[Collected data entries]
= Beginning of Section =

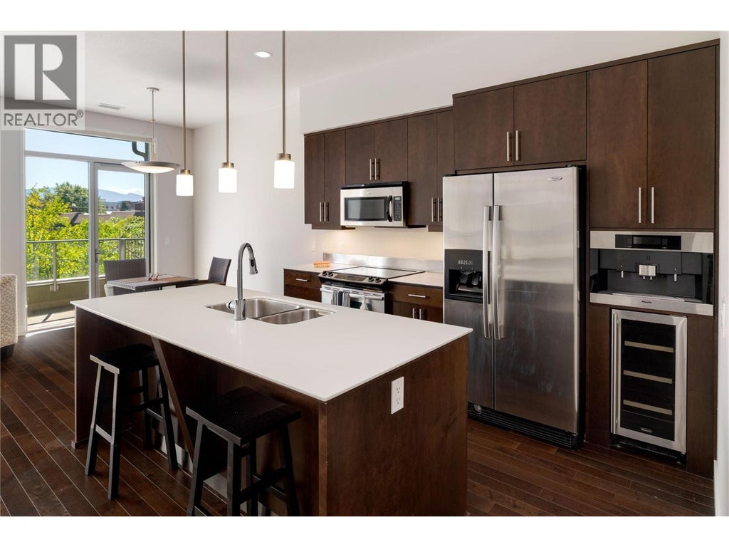 Experience elevated living in this 2-bedroom, 2-bathroom south-facing condo at Fuzion—where contemporary design meets resort-style amenities. Inside, the open-concept floor plan features high ceilings, rich hardwood flooring, and oversized windows that fill the home with natural light. The chef’s kitchen is equipped with stainless steel appliances, a built-in Miele coffee system, wine fridge, and a generous island that’s perfect for entertaining. The primary suite includes a spa-inspired ensuite with a walk-in shower, while the second bedroom offers flexibility for guests, a home office, or hobbies. All carpet in the home has just been replaced, offering a fresh and move-in ready feel. Everyday living is enhanced by in-suite laundry and secured parking with an extra-wide stall. This is a concrete building, ensuring a much quieter living environment. Residents also enjoy access to an outdoor pool & hot tub, a fitness centre, sauna, car wash bay, and meeting room. Perfectly located near shopping, dining, and downtown Kelowna, this home blends sophistication with everyday convenience. (id:3745)
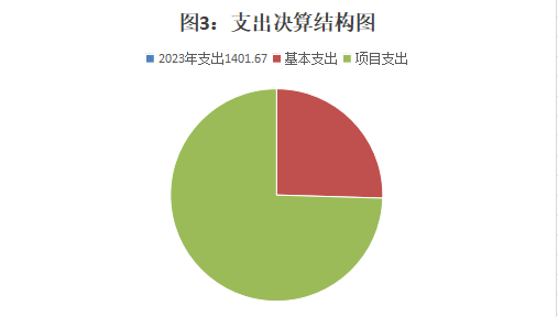 2023年度本年支出合计1401.67万元,其中:基本支出357万元,占25.46%;项目支出1044.67万元,占74.53%;上缴上级支出0万元,占0%;经营支出0万元,占0%;对附属单位补助支出0万元,占0%。
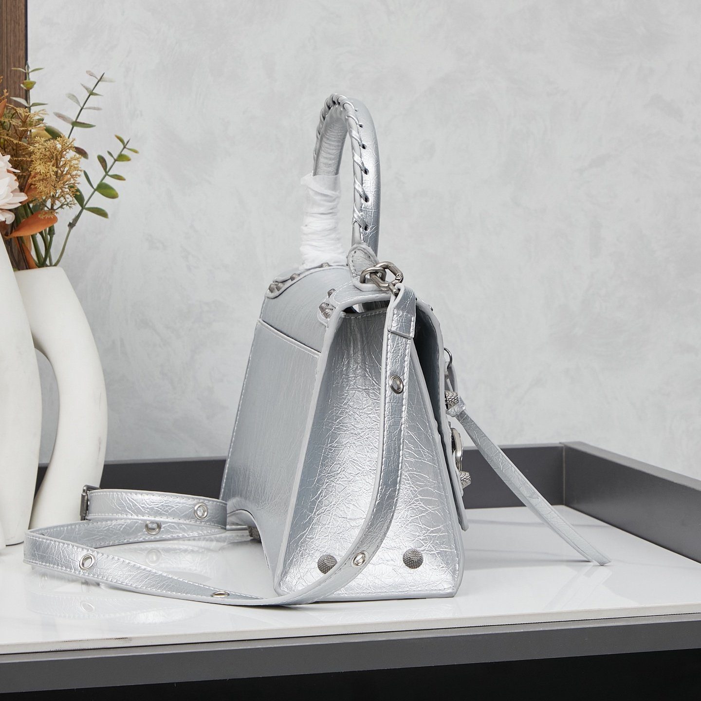 Have you heard of the collaboration between Balenciaga’s Hourglass bag and Motorcycle bag? Look at this combination of Hourglass bag and Le Cagole #Motorcycle bag#. The Hourglass bag body is studded with rose nails like those on the Motorcycle bag. The black Arena lambskin is full of punk style and quite interesting. Size: 27x18x11. Model number: 68630.
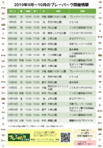 2019年9~10月の開催情報です
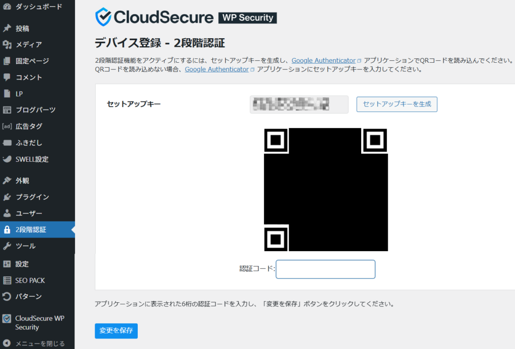 Google Authenticatorに表示された認証コードをWordpressのデバイス登録画面に設定して、
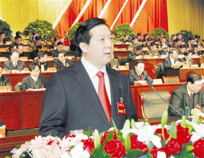 市长郭瑞民在作《政府工作报告》。本报记者 秦 旭 摄 |
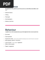 As well as noting the behaviour of a person during the examination, attention should
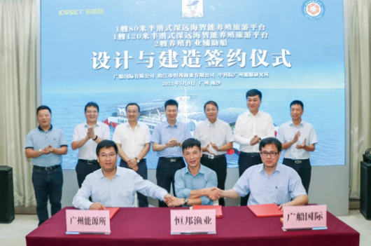 5月8日,中国船舶集团旗下广船国际 与广东省阳江市恒邦渔业有限公司签订1艘80米半潜式深远海智能养殖旅游平台建造合同,这是广东省首个商业化大型半潜式养殖旅游综合平台。
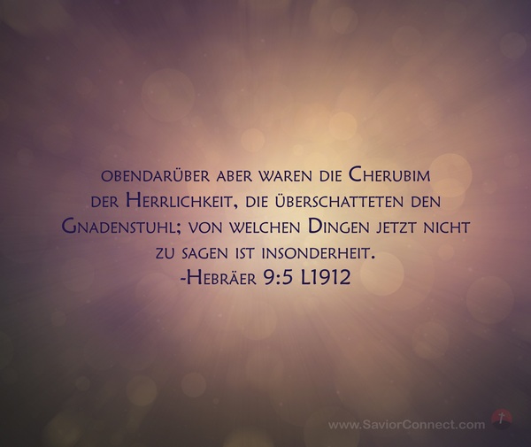 obendarüber aber waren die Cherubim der Herrlichkeit, die überschatteten den Gnadenstuhl; von welchen Dingen jetzt nicht zu sagen ist insonderheit. -Hebräer 9:5 L1912
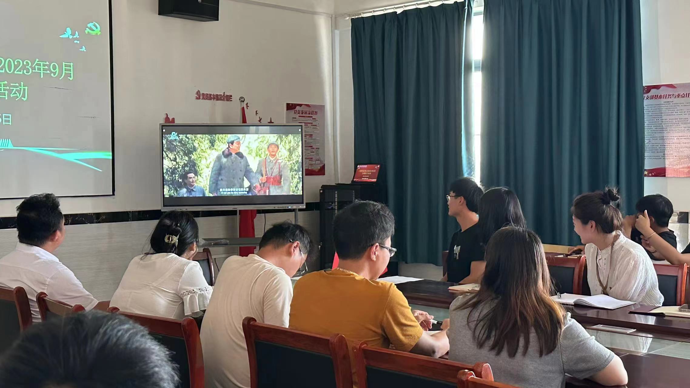 隨后大家共同觀看革命歷史題材影片《決勝時刻》,引導師生在電影中重溫革命故事,感悟紅色情懷。觀影過程中,師生們專心致志,重溫了建國初期的那段崢嶸歲月,感受了革命先輩為實現理想不惜犧牲一切的強大信仰力量。觀影后全體黨員重溫入黨誓詞,用飽滿的熱情、昂揚的斗志表達了作為共產黨員的自豪感與使命感,抒發對黨忠誠的意志和信念。
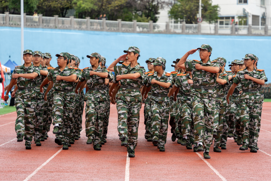 参训学生代表以二级学院(部)为单位进行分列式表演,整齐的步伐、嘹亮的口号、严整的军姿,展示出积极进取、昂扬向上的精神风貌。
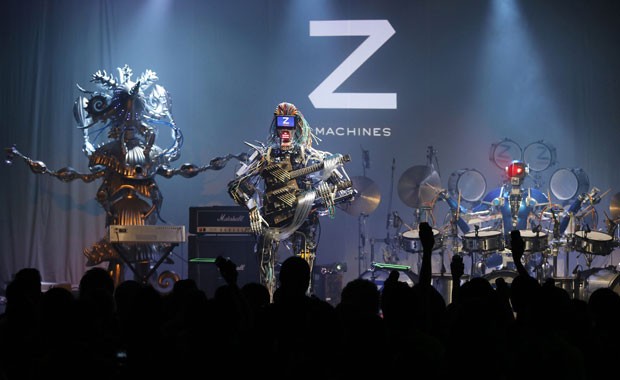 Uma banda de rock formada por três robôs subiu ao palco em Tóquio, no Japão, nesta segunda-feira (24), para tocar três músicas em um show para cerca de 100 pessoas. Uma das músicas teve a participação das pop stars japonesas Amo e Ayamo. O show de estreia da banda, chamada “Z-Machines”, foi realizado ao vivo. O grupo é composto pelo guitarrista Mach, pelo tecladista Cosmo e pelo baterista Ashura.
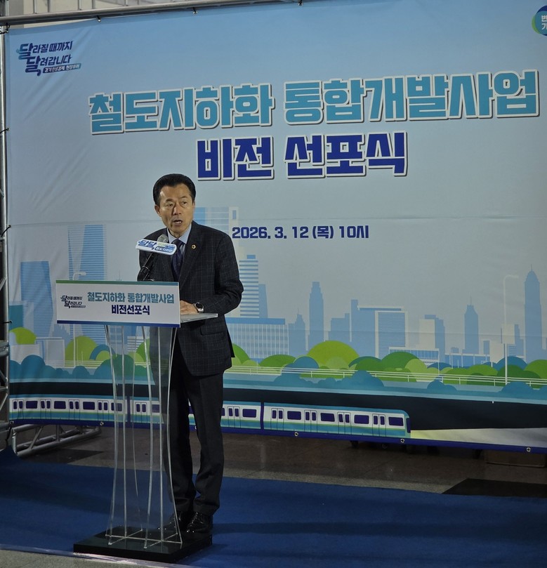 [경기도 세계타임즈=송민수 기자] 경기도의회 건설교통위원회 김성수 의원(더불어민주당, 안양1)은 12일(목) 안양역에서 열린 ‘철도지하화 통합개발사업 비전선포식’에 참석하여 경부선 안양 구간의 조속한 철도지하화사업 대상지 선정을 촉구하고 강력한 추진 의지를 피력하였다.
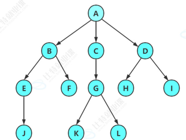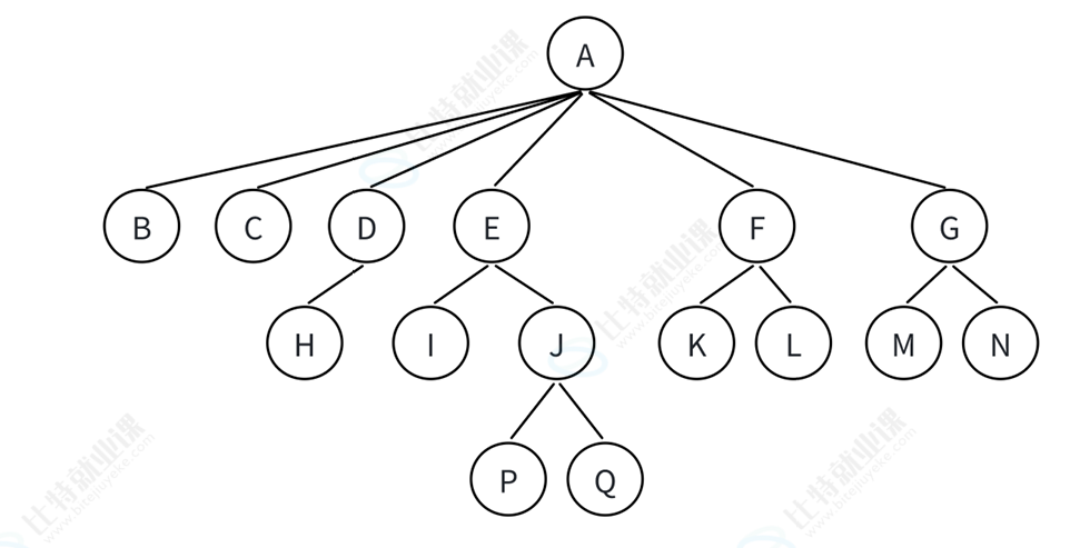 节点的度:节点拥有的子树个数(如A的度为6,B的度为0)

= End of Section =

:: Task goal ::
Reproduce exactly the lines above from the one with "[경기도 세계타임즈=송민수 기자]" through the last line of the data, keeping both ends and dropping the pictures.

:: Finished task ::
 [경기도 세계타임즈=송민수 기자] 경기도의회 건설교통위원회 김성수 의원(더불어민주당, 안양1)은 12일(목) 안양역에서 열린 ‘철도지하화 통합개발사업 비전선포식’에 참석하여 경부선 안양 구간의 조속한 철도지하화사업 대상지 선정을 촉구하고 강력한 추진 의지를 피력하였다.
 节点的度:节点拥有的子树个数(如A的度为6,B的度为0)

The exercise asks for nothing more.